CINATTI, Rui - O poeta Ruy Cinatti (1915 - 1986) não precisa de grandes apresentações para os portugueses: é seguramente um dos maiores poetas do país no século 20.

Menos conhecido é o Cinatti antropólogo, que na década de 1940 partiu para a colônia de Timor-Leste como secretário do primeiro governador da ilha e aí encontrou a geografia física e emocional para muitos dos seus escritos.

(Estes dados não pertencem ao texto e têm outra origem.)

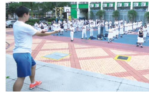
Tai Chi Practice 強身健體太極操
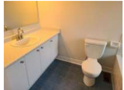
Pic. 9: Master bath
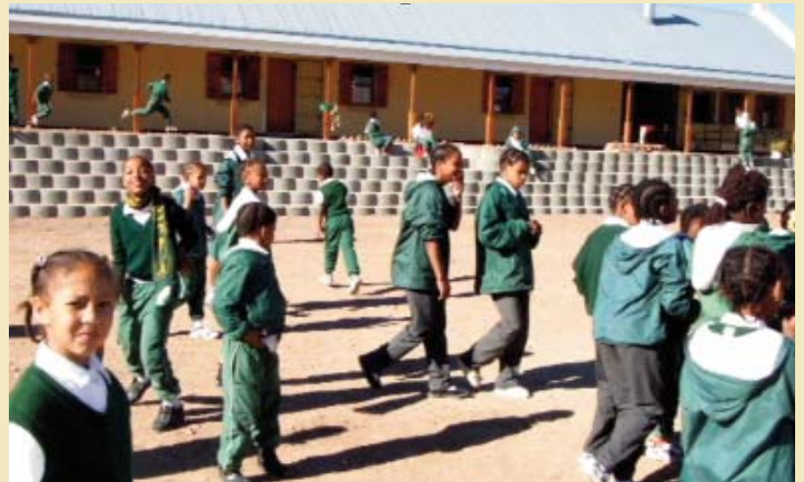
Class rooms and retaining wall
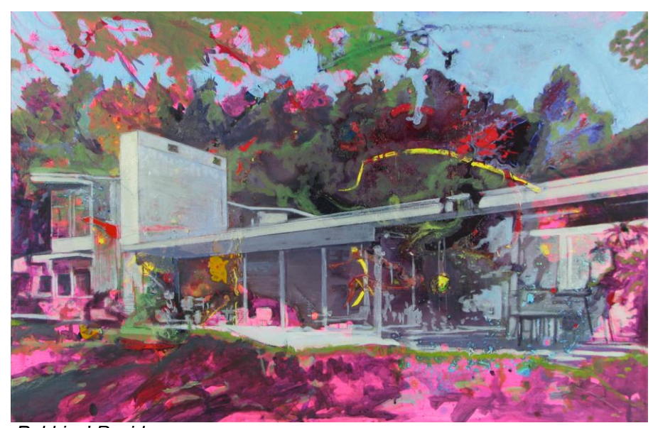
Robbins' Residence Oil, Acrylic & Coloured Pencil on Canvas 24" x 36" 2008
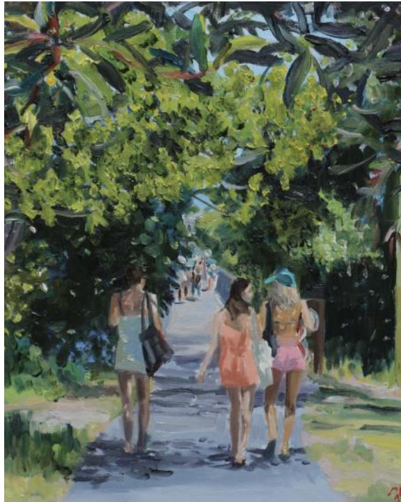
'Across the River (Brunswick Heads)' oil on linen panel 25x20cm framed $550
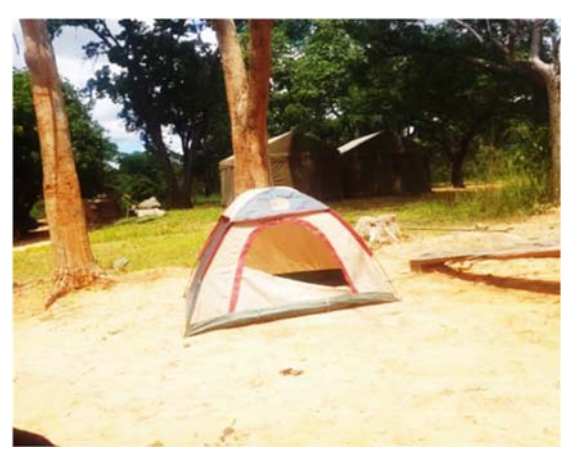
Tent pitched at Kawiya

Esses escritos podem ser lidos agora em "Timor-Amor" (Gryphus, 230 págs.), a primeira colectânea de Cinatti no Brasil superiormente organizada e prefaciada por Vasco Rosa. Resumindo, o livro é uma longa declaração de amor ao território e ao seu povo. Uma declaração feita de explorações botânicas, diários íntimos e versos de uma arrasadora e espiritual beleza:

"Hei-de esquecer-me de tudo

que me prende ainda ao futuro.

Hei-de ser, como não fui,

um homem fora do mundo."

O brasileiro Sérgio Vieira de Mello, a quem o livro é dedicado "in memoriam", teria certamente gostado da mais bela homenagem literária que conheço ao país onde ele viveu os seus últimos dias. 
Leitores vários escrevem-me com regularidade, perguntando por livros ou autores portugueses que merecem edição e leitura no Brasil. Este "Dicionário de Português", a partir de hoje, irá procurar responder a todos eles. Com livros, sim, mas também com artes, lugares e prazeres que valem a pena deste lado do Atlântico.